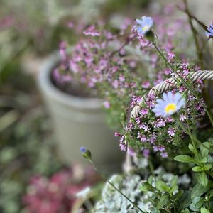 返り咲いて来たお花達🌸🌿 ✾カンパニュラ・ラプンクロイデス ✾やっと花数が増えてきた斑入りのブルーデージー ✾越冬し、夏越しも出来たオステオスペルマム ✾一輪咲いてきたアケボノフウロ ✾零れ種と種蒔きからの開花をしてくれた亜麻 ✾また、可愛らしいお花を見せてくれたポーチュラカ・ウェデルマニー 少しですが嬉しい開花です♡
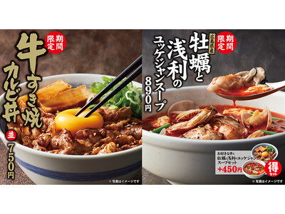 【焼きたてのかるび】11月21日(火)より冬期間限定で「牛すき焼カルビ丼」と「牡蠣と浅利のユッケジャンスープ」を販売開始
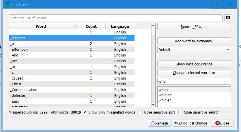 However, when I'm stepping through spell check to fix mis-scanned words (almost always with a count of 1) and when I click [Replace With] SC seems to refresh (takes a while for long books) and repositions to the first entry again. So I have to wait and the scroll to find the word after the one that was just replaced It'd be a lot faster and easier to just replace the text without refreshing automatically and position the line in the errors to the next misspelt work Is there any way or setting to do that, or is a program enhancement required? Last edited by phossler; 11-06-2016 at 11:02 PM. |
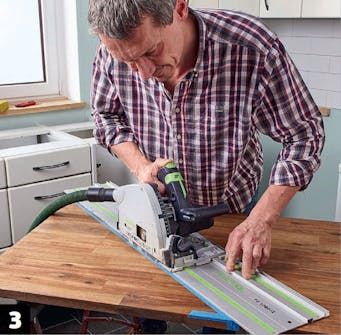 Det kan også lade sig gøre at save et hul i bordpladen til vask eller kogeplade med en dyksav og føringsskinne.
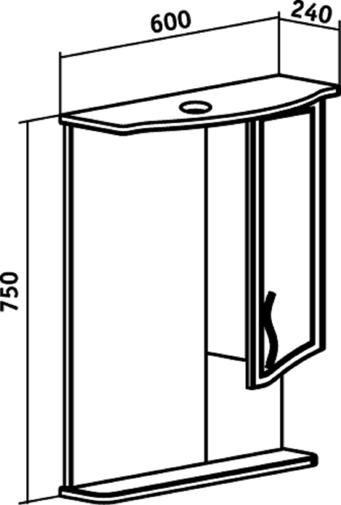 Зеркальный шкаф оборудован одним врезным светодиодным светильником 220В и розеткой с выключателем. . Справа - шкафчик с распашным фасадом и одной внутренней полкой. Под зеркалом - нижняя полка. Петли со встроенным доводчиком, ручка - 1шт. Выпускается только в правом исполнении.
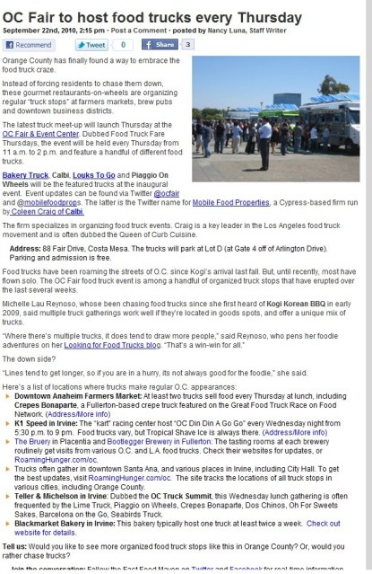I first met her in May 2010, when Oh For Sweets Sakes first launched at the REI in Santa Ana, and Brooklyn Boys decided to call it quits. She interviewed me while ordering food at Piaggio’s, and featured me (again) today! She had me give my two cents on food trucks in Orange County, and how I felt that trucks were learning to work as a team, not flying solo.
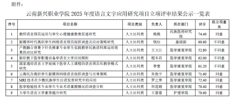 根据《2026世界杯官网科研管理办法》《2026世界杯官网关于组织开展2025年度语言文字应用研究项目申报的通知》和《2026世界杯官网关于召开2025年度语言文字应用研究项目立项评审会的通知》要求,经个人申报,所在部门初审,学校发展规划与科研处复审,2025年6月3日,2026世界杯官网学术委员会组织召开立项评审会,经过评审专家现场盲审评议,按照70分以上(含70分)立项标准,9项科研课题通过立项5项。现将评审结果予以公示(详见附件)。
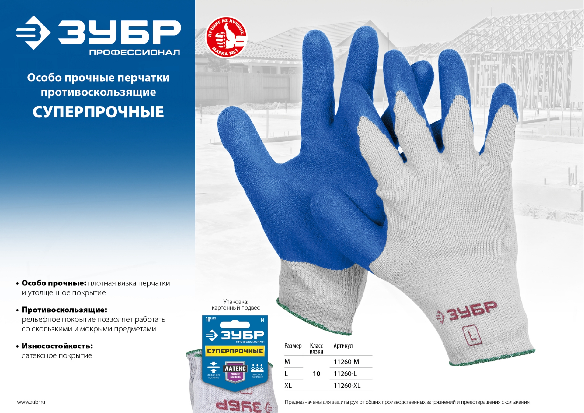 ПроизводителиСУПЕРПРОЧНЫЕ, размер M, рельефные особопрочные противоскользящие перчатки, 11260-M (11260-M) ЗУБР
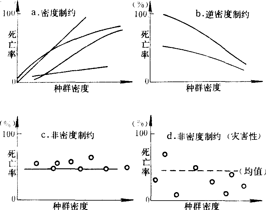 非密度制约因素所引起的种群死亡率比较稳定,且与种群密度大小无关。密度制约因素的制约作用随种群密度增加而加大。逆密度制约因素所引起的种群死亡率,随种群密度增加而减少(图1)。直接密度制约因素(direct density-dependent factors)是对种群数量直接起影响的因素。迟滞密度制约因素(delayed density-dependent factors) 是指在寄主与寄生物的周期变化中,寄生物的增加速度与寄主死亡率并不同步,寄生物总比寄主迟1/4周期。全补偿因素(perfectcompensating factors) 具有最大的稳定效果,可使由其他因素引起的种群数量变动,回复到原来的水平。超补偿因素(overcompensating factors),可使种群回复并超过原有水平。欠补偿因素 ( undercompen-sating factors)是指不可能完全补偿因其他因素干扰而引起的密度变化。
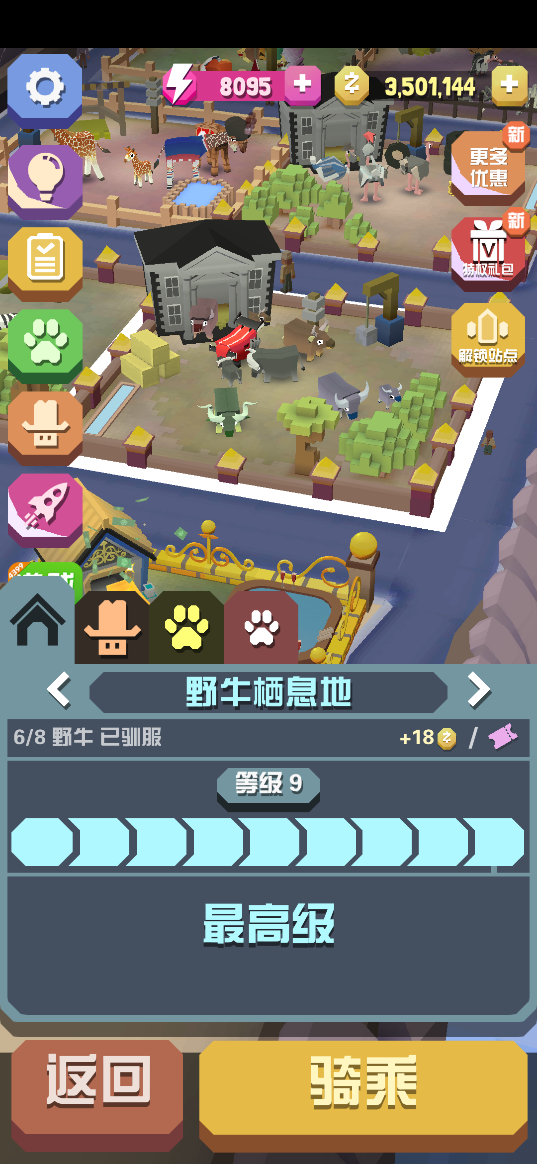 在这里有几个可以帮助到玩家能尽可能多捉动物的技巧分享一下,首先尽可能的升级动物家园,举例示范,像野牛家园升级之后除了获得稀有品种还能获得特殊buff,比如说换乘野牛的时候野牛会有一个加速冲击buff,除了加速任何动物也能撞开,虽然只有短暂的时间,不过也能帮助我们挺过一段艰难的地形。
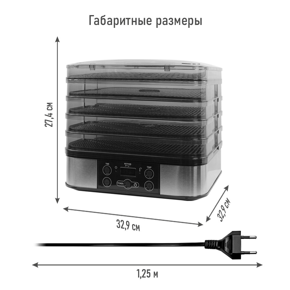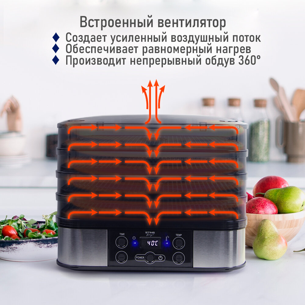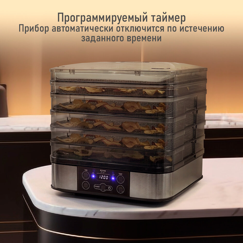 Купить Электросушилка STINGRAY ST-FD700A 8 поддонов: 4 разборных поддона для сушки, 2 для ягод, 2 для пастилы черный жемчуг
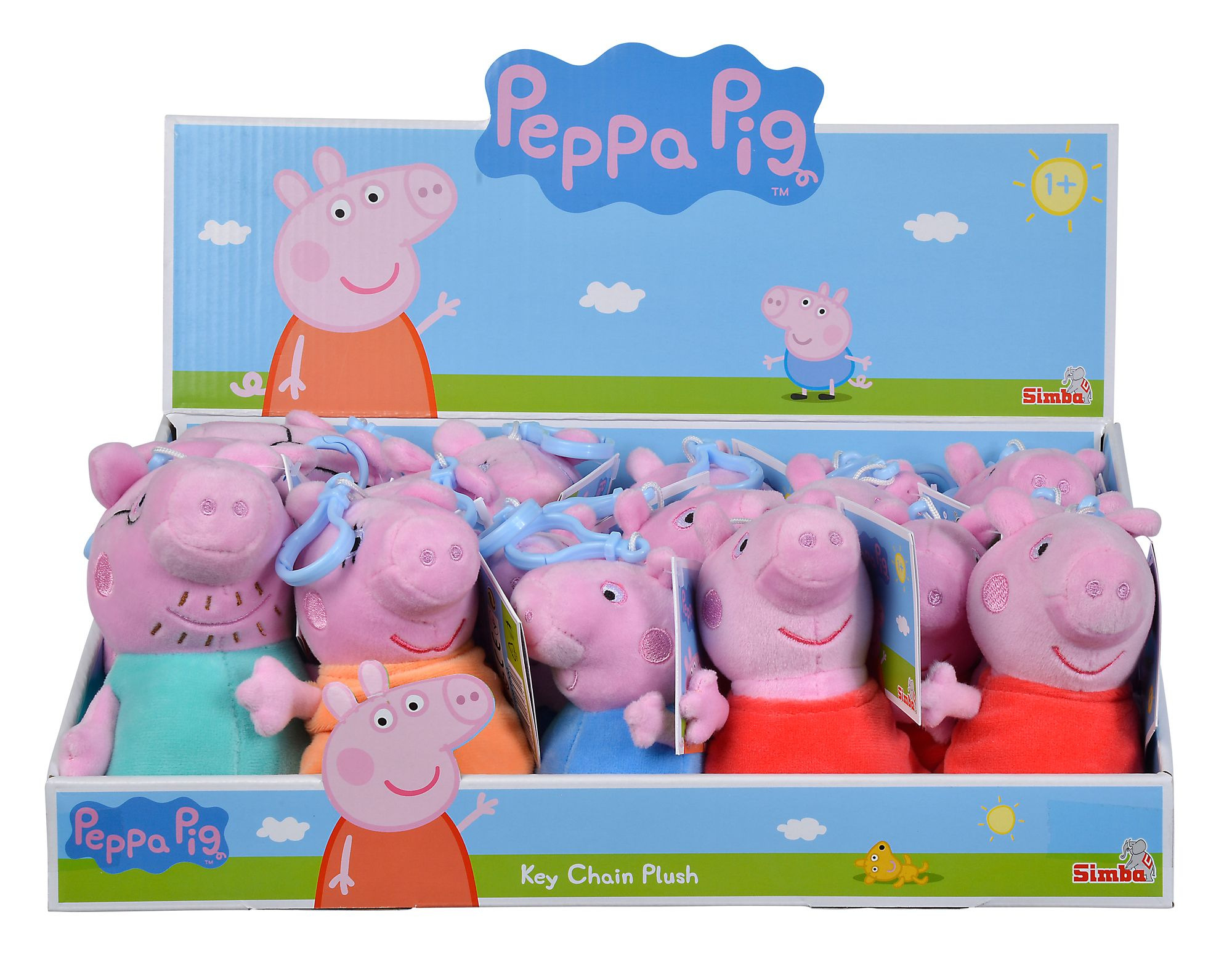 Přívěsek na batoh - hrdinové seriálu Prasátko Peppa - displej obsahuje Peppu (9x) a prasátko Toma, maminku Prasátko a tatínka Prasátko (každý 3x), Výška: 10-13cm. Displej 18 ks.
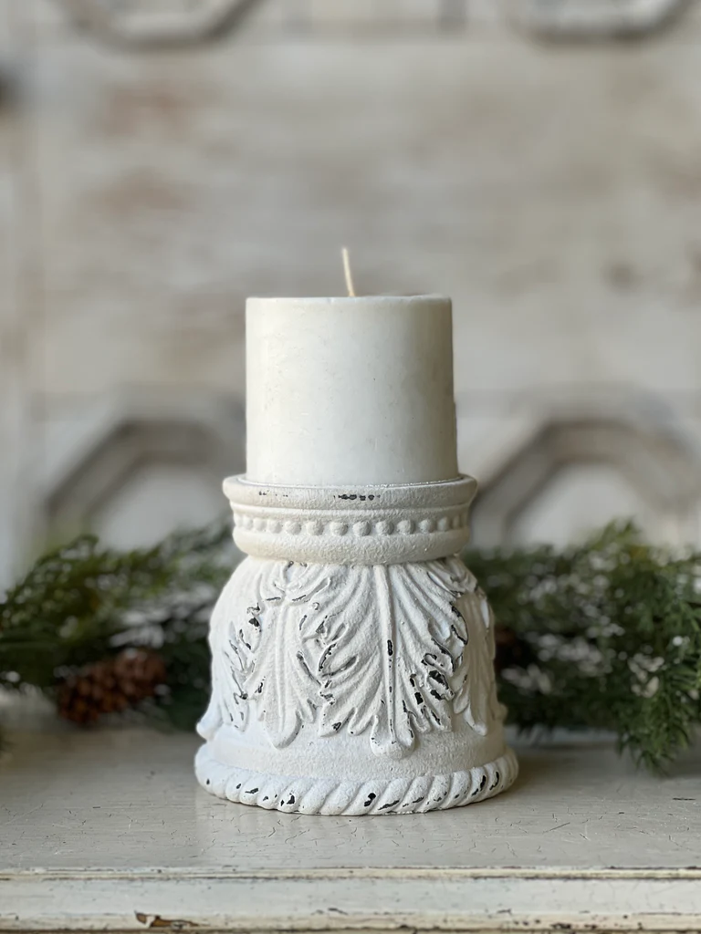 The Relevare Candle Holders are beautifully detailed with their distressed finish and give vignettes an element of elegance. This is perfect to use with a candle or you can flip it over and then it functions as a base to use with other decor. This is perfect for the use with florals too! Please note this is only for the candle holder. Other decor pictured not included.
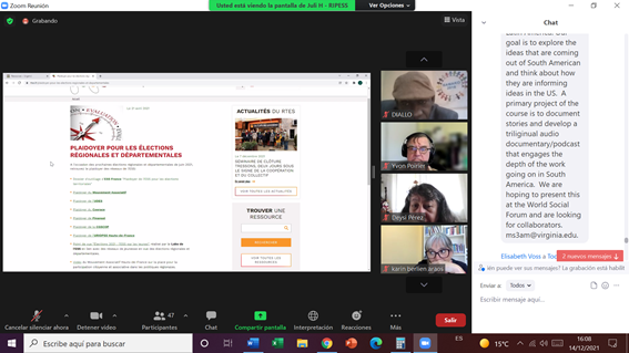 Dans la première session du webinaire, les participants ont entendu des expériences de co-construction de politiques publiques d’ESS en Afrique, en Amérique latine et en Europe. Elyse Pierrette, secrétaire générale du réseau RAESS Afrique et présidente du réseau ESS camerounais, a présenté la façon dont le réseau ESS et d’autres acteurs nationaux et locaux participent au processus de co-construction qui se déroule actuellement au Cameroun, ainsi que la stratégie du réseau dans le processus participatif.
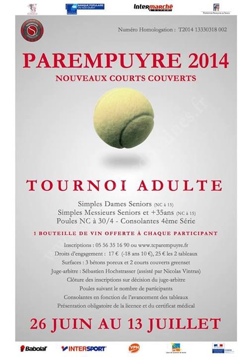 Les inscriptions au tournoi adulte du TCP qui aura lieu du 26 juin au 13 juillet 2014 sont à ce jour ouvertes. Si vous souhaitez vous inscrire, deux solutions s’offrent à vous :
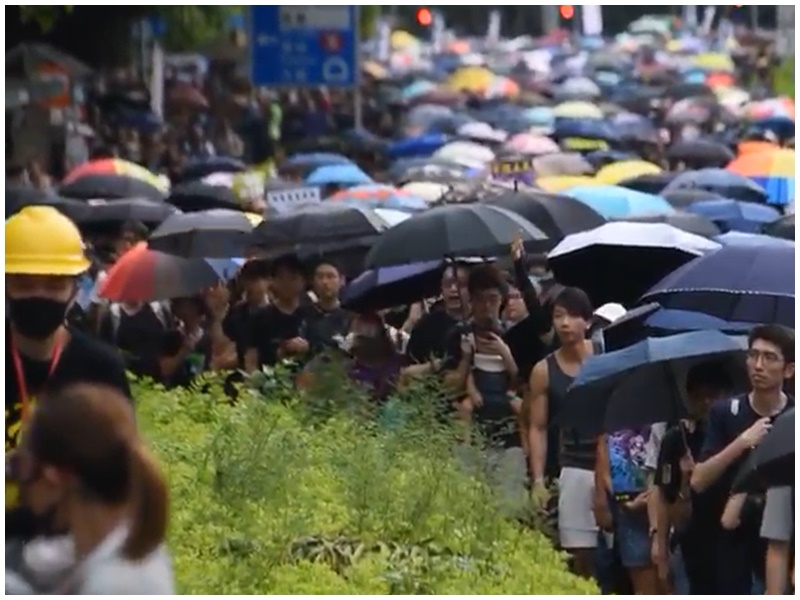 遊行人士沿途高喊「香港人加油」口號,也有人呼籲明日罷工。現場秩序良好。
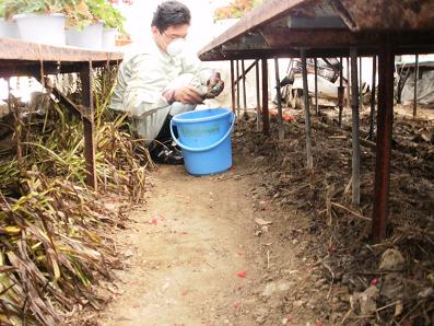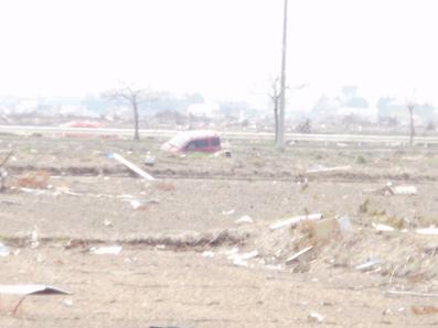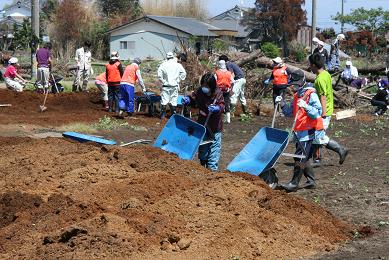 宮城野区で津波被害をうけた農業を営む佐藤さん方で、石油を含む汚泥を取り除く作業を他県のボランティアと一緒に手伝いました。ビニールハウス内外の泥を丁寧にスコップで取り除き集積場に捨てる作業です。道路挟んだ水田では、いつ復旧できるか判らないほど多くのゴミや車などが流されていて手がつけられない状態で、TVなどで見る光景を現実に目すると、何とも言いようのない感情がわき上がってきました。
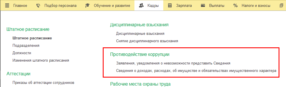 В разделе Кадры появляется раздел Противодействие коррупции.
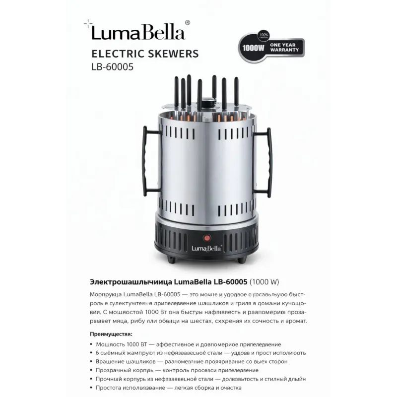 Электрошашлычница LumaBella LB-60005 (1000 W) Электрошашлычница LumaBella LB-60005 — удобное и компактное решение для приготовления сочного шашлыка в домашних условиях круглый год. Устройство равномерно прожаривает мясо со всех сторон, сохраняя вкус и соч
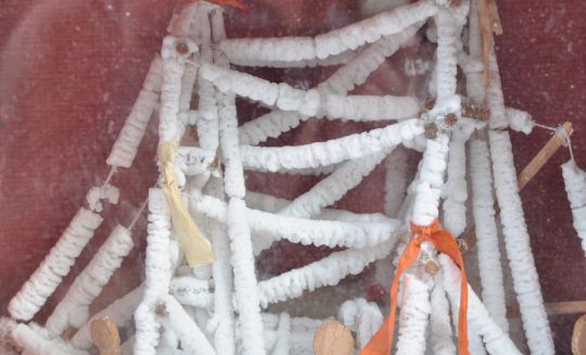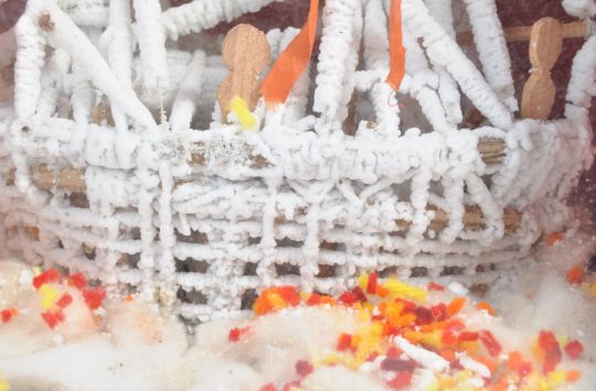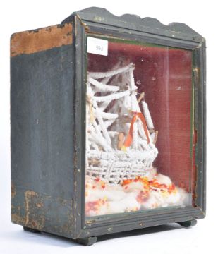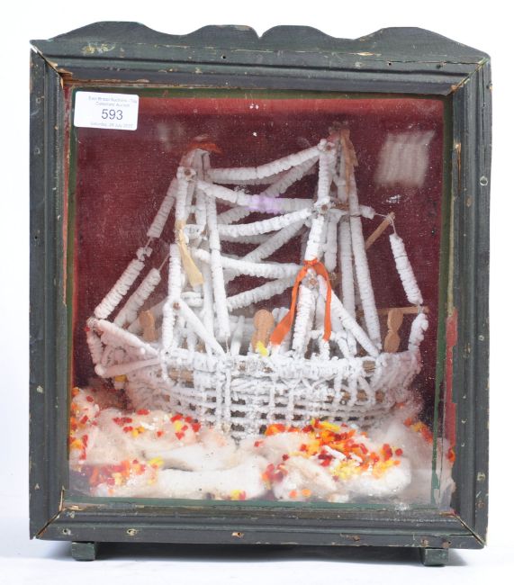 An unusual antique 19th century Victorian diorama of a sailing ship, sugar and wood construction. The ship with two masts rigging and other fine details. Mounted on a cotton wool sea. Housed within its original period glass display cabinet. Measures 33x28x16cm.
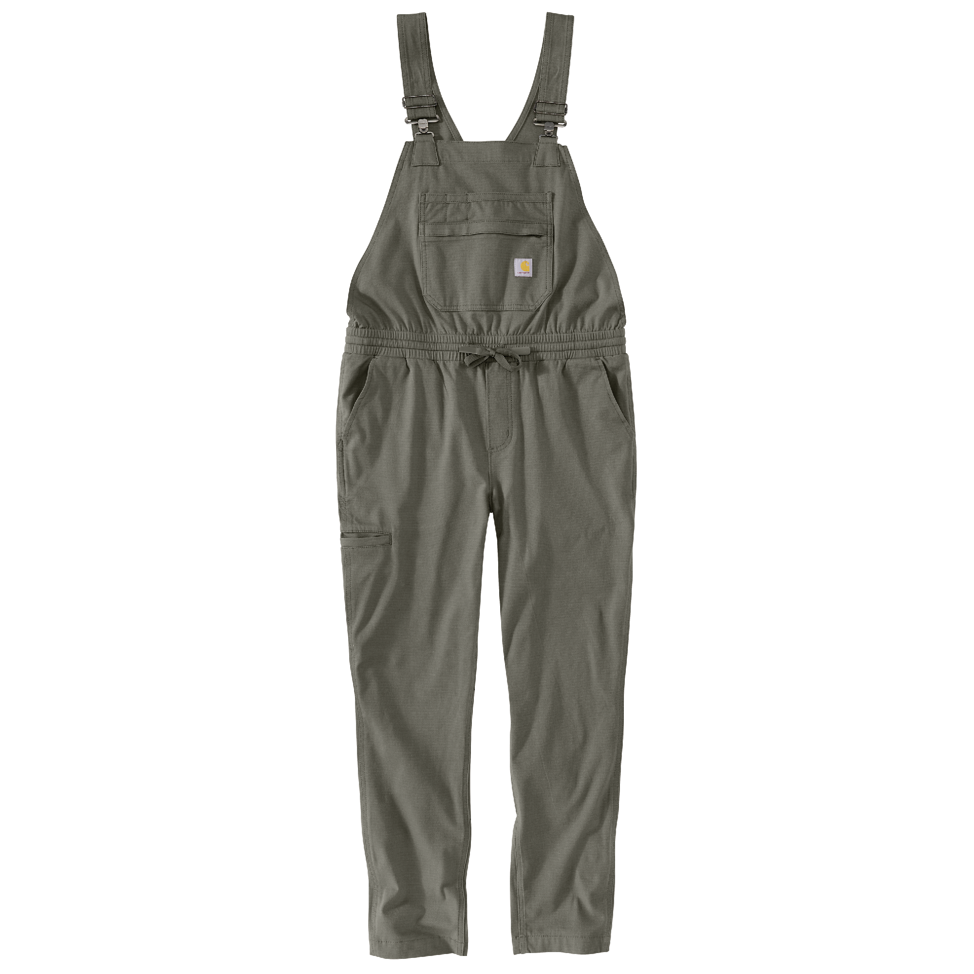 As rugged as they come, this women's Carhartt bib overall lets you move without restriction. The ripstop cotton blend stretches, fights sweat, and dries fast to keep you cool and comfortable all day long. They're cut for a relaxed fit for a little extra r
........
Everything from the line above that contains "ПроизводителиСУПЕРПРОЧНЫЕ, размер M, рельефные" down to the line that contains "Купить Электросушилка STINGRAY" must be reproduced exactly, both ends included. Omit the pictures.

▶ [Your response]:
 ПроизводителиСУПЕРПРОЧНЫЕ, размер M, рельефные особопрочные противоскользящие перчатки, 11260-M (11260-M) ЗУБР
 非密度制约因素所引起的种群死亡率比较稳定,且与种群密度大小无关。密度制约因素的制约作用随种群密度增加而加大。逆密度制约因素所引起的种群死亡率,随种群密度增加而减少(图1)。直接密度制约因素(direct density-dependent factors)是对种群数量直接起影响的因素。迟滞密度制约因素(delayed density-dependent factors) 是指在寄主与寄生物的周期变化中,寄生物的增加速度与寄主死亡率并不同步,寄生物总比寄主迟1/4周期。全补偿因素(perfectcompensating factors) 具有最大的稳定效果,可使由其他因素引起的种群数量变动,回复到原来的水平。超补偿因素(overcompensating factors),可使种群回复并超过原有水平。欠补偿因素 ( undercompen-sating factors)是指不可能完全补偿因其他因素干扰而引起的密度变化。
 在这里有几个可以帮助到玩家能尽可能多捉动物的技巧分享一下,首先尽可能的升级动物家园,举例示范,像野牛家园升级之后除了获得稀有品种还能获得特殊buff,比如说换乘野牛的时候野牛会有一个加速冲击buff,除了加速任何动物也能撞开,虽然只有短暂的时间,不过也能帮助我们挺过一段艰难的地形。
 Купить Электросушилка STINGRAY ST-FD700A 8 поддонов: 4 разборных поддона для сушки, 2 для ягод, 2 для пастилы черный жемчуг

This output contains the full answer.